Wednesday, May 10, 2017

CNN -- Not just a News Channel: Modern Work in Content Generation

Bringing things back to where we started, much of the initial work in systems that underlie state of the art content generation actually came from simply trying to perceive it. You see, before you ask a computer to generate a picture of a bird, it helps to train it on what a bird is; it needs to be able to distinguish a chunk of pixels in an image that represent a bird from the surrounding environment, invariant of the actual environment (indoors, outdoors, bright blue sky, dark green forest, etc.) the picture was taken in. Machine learning as a whole is an incredibly broad field, and as a result, many different approaches to this problem of “classification of X” have been developed. While there are certainly situations where they’re non-ideal or are the equivalent of using a truck to hammer in a nail, some of the biggest buzzwords at the moment are Artificial Neural Networks (ANNs), Deep Learning, and, especially with regards to image-related problems, Convolutional Neural Networks (CNNs). In 2015, Google decided to try to investigate what exactly these networks were learning to perceive, and thus they released Inceptionism, an exploration into what exactly these networks were internalizing with regards to the concepts that they’re asked to learn. It was found, for example, that images like these are what the model thought of as a “dumbbell”:

Which, as they note in the article, is interesting that the network isn’t learning the concept of a “dumbbell” itself without an arm attached to it. At the same time as this work, these exact same techniques allowed Google to feed in an image that was pure noise (i.e. meaningless static) and instruct the network to loop back on itself and emphasize whatever feature it thinks it saw. Basically, it’s like looking at the clouds, deciding it looks like a dog, and then using that in a feedback loop that reshapes the cloud to look more like a dog and repeating the process. Amazingly, with such a simple setup, the result ended up being trippy images like these:

All of which were purely computer generated with no insight from humans at all. Just like that, we have what I would consider the dawn of modern works in machine generated content. Over the course of the next 2-3 years, a massive number of works have been released that really push the boundaries of what would have classically been thought possible. Starting back in August, 2015, there was just an explosion of work, including:
Essentially, the rate of progress in this field is currently mind blowing.
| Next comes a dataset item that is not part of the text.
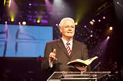 In October 1991 Parzany became involved in the ProChrist evangelical meetings, and he succeeded Billy Graham as the main speaker at these events, held every three years since the German reunification.[4] From November 2002 until November 2005 Parzany also led the German section of the Lausanne Covenant.[3]

There specifics of each approach vary, but they’re essentially still based around this same idea of “show examples of human content, use this information to generate new content in a more intelligent way than random generation”. A lot of these may seem like parlor tricks, but the things that these methods enable can quickly head into some uncomfortable territory, especially in the era of #FakeNews. For example, the startup Lyrebird is developing a product that allows you to electronically copy the voice of anyone with as little as one minute of audio recording and then use that electronic voice to say anything you want. In their demonstration, they have vocal recreations of Obama, Trump, and Clinton discussing their product, but, as they advertise, you’ll be able to make them say anything you want. Combine that with research out of the University of Erlangen-Nuremberg (and others) that demonstrates the ability to remap facial expressions onto streams of video, and those two systems together could be used, with some quality enhancements, to legitimately create things like fictitious press announcements. Combined with something like the ability to generate raw videos as presented above, you may not even need a source video that was actually recorded from the real world. Again, as discussed in the first section on “machine-assisted generation”, it’s not that this isn’t possible to do right now – someone with enough footage on hand of Barack Obama can conceivably make him appear to say anything they want with a nonlinear video editor – it’s that the barrier for entry, for even the most complex of media manipulations, is quickly approaching zero. It’s a set of circumstances that makes it hard to not feel at least a bit guilty that I can hardly contain my excitement at the development of these technologies.